DIRECTIONS => All of the data below is to be repeated exactly, except for the pictures.

GIVEN RECORDS =>
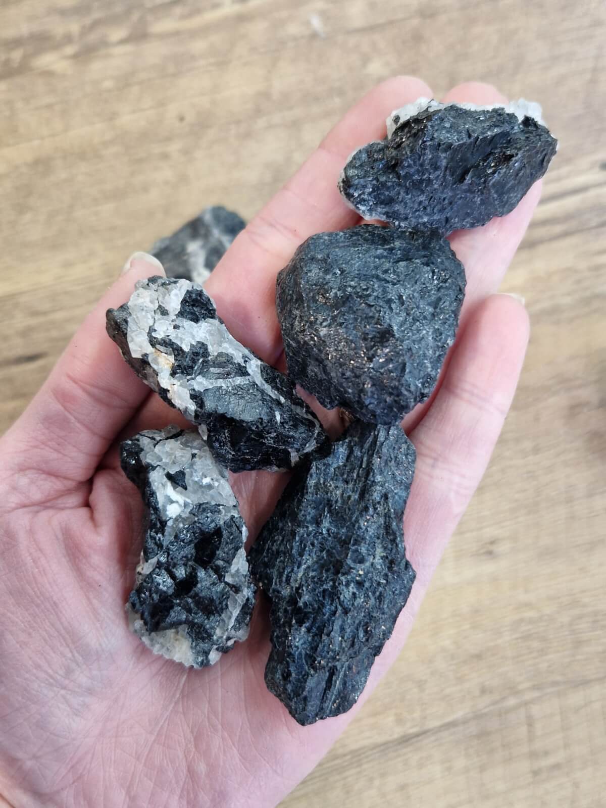 Črni turmalin je eden najmočnejših zaščitnih kristalov, ki ustvarja energijski ščit okoli tvojega telesa in prostora. Njegova globoka, črna barva v sebi nosi moč zemlje, stabilnost in mir, hkrati pa te osvobaja od negativnih energij in težkih čustev.
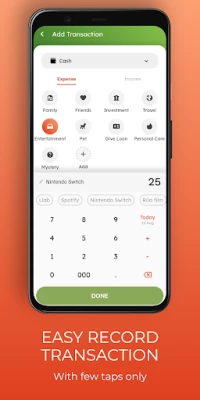 - Super easy and simple to record expense, income, debt, bill, and payment with just a few taps
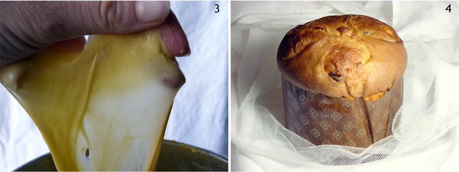 Ma...non è che vada sempre tutto liscio. Nelle foto 1 e 2, la tragica perdita di un impasto non incordato, che è poi diventato un plumcake (non sia mai che butto un kg e mezzo di roba buona!). Nelle ultime due, un bel velo e il panettone che ne è risultato!!!
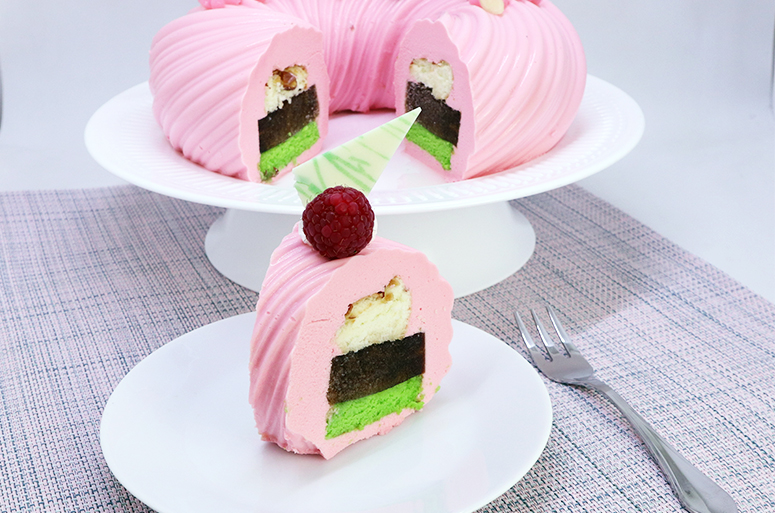 - Lalu masukkan adonan merinque, jahe jelly dan sponge dan kemudian tutup dengan adonan santan mouse hingga Loyang penuh dan tertutup rata.
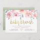 Convite Rosas rosa e Chá de fraldas Dourado Bebê Brunch ve
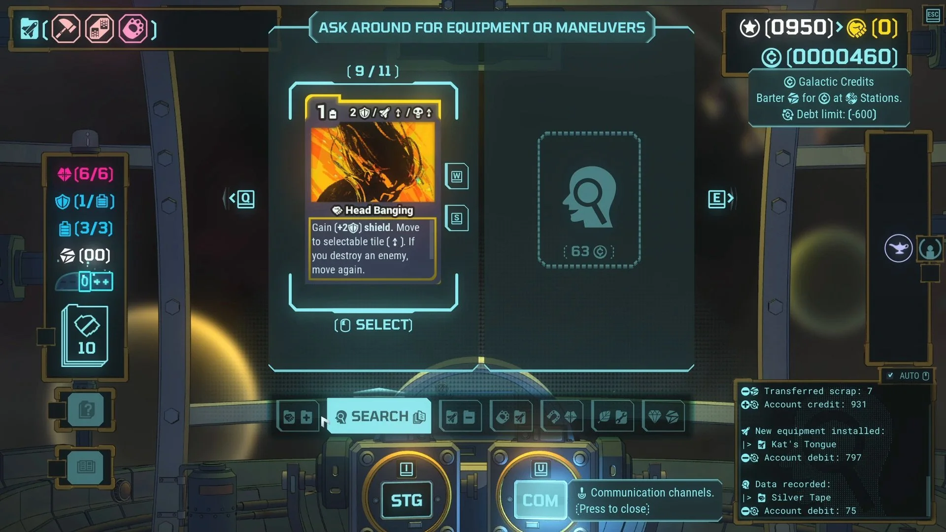 During the jump, the player’s ship is placed on a 3x3 grid along with random enemies, mines, debris, and other obstacles. To complete the jump, the player must play cards from their deck to defeat most of the enemies. Each card costs energy, and once the player runs out, the enemies take their turn. Enemies act from the top left of the grid, moving row by row, which is an important detail that players can use to plan their attacks. The enemies also display icons indicating their intentions for their next action.

ANSWER FOR THIS EXERCISE =>
 Črni turmalin je eden najmočnejših zaščitnih kristalov, ki ustvarja energijski ščit okoli tvojega telesa in prostora. Njegova globoka, črna barva v sebi nosi moč zemlje, stabilnost in mir, hkrati pa te osvobaja od negativnih energij in težkih čustev.
 - Super easy and simple to record expense, income, debt, bill, and payment with just a few taps
 Ma...non è che vada sempre tutto liscio. Nelle foto 1 e 2, la tragica perdita di un impasto non incordato, che è poi diventato un plumcake (non sia mai che butto un kg e mezzo di roba buona!). Nelle ultime due, un bel velo e il panettone che ne è risultato!!!
 - Lalu masukkan adonan merinque, jahe jelly dan sponge dan kemudian tutup dengan adonan santan mouse hingga Loyang penuh dan tertutup rata.
 Convite Rosas rosa e Chá de fraldas Dourado Bebê Brunch ve
 During the jump, the player’s ship is placed on a 3x3 grid along with random enemies, mines, debris, and other obstacles. To complete the jump, the player must play cards from their deck to defeat most of the enemies. Each card costs energy, and once the player runs out, the enemies take their turn. Enemies act from the top left of the grid, moving row by row, which is an important detail that players can use to plan their attacks. The enemies also display icons indicating their intentions for their next action.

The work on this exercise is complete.